I lost him 13 years ago. I saw him in the morning and in the evening I was told he died in an accident. That’s not important. What is important is that he gave me something no one else has ever – belief in myself.
Once he sat me down for a serious chat. He told me that I am far more intelligent than my straight Grade A friend who lived down the road. He told me that if I channel my energies into one focus, I could achieve anything I want to. And he was right. Everything I ever achieved was when I applied myself and just thought about the goal at the end.
At the time, I laughed and didn’t believe a word he was saying. Many others before him had told me I was stupid and could never amount to anything. I was a mischievious teenager and probably did things I shouldn’t have! I had no self awareness or confidence in myself.
I graduated from university with a Degree in Business a year after he died. It was the best and the worst day of my life because I wanted him there – no one else. I have pushed through this life and tried to be a good person despite what I have been though and I have come out ok – I owe that to him and that chat we had that day.
He was the only person who made me feel right when I was growing up.

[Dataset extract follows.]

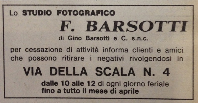 Invito della società Barsotti/Bardazzi ai clienti a ritirare i propri materiali, in occasione della chiusura della attività, 1982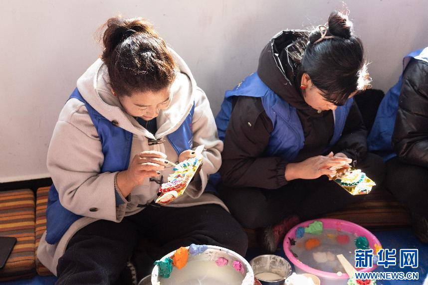 圖為西藏現(xiàn)代服務業(yè)技工學校的學員正在學習制作酥油花(1月29日攝)。新華網(wǎng)發(fā) 李騰 攝

He was the only person I felt genuine love from.
So those for you that have kids out there or someone who looks up to you, make sure you tell them you believe in them. I know with the life I had, I could have very easily turned out to me a horrible person. I could have easily said…ok screw this. But I didn’t because one person in the world told me I was better. I owe everything I have achieved to him.
I will wait for the day our souls meet again Dad. Thank you. You don’t know what you did for me.